As a writer of middling success, it fills my heart with joy to see such sales results. We seem to have built a pretty good following for the Abigail stories here in New Brunswick. The challenge is to come up with a fresh new approach to promoting each new collection.
That's my little blue book, to the left of the Grinch |
Imagine my delight when I found the final two copies they had in stock of the Christmas novella nestled on their Christmas display beside How the Grinch Stole Christmas! My little book on the shelf with a Christmas classic -- like equals!
As for the new plans and the new focus, I have committed myself to completing four projects in 2016 -- and please do not call these New Years Resolutions!

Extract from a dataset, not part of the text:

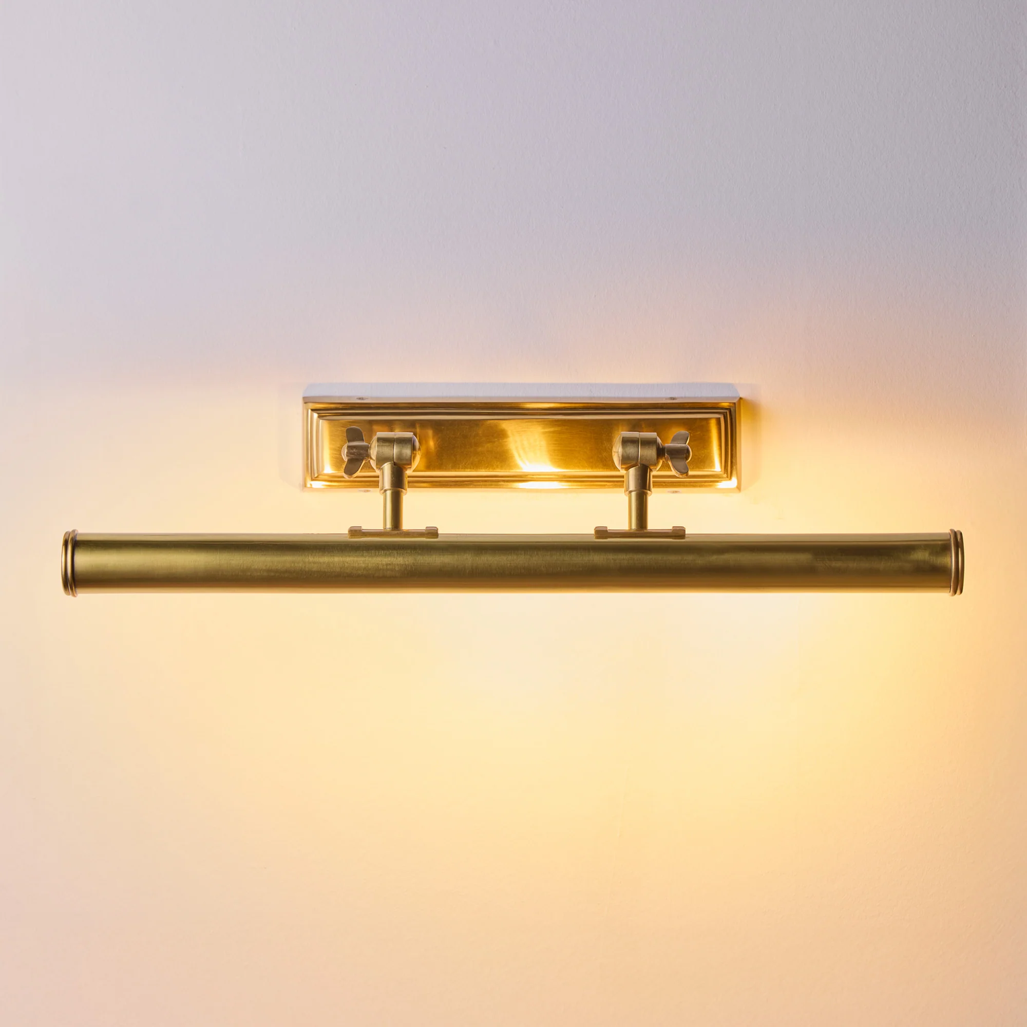 Forgive the name Pitcheroo…it’s silly, puerile and doesn’t do justice to the majesty and class of these stunning picture lights. We are thrilled with them – all the proportions and little details just seem to work and balance – and, in 100% solid bass, they will last forever. Seen here in wide format, with two supporting arms.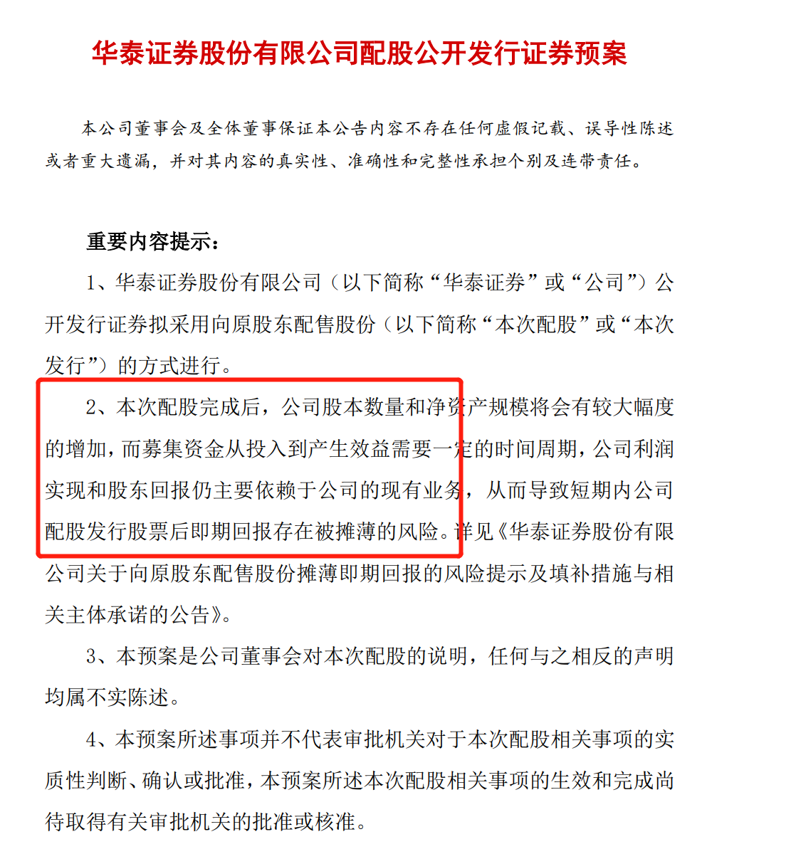 配股带来的风险已经可知。记者注意到,华泰证券在配股预案内提到,此次配股完成后,公司股本数量和净资产规模将会有较大幅度的增加,而募集资金从投入到产生效益需要一定的时间周期,公司利润实现和股东回报仍主要依赖于公司的现有业务,从而导致短期内公司配股发行股票后即期回报存在被摊薄的风险。

1. An adaptation of A McAdam Station Christmas for the stage, with a significant focus on having it ready in time for potential staging next Christmas;
2. The scripts for at least the first four episodes of The Station, our proposed Web Series based on the Abigail stories, with a view to soliciting funding for the series and, if possible, beginning to film the pilot before the end of the year;
3. A strong draft of my middle-school novel; and
4. Another volume of Abigail stories, with my writing partner Mary E. O'Keefe.
I know, sounds ambitious. I have to get working.
But, to be honest, I wish it could be more ambitious. I'd like to include the completion of a second novel, a mystery, that I began several years ago AND the revision of another mystery that came very close to being published before I moved to NB.
All in good time, I guess. Any one of these projects could take over all of my time and energies and any number of outside distractions could also impact my ability to meet these goals. All I can do, I guess, is "hunker down" and get working.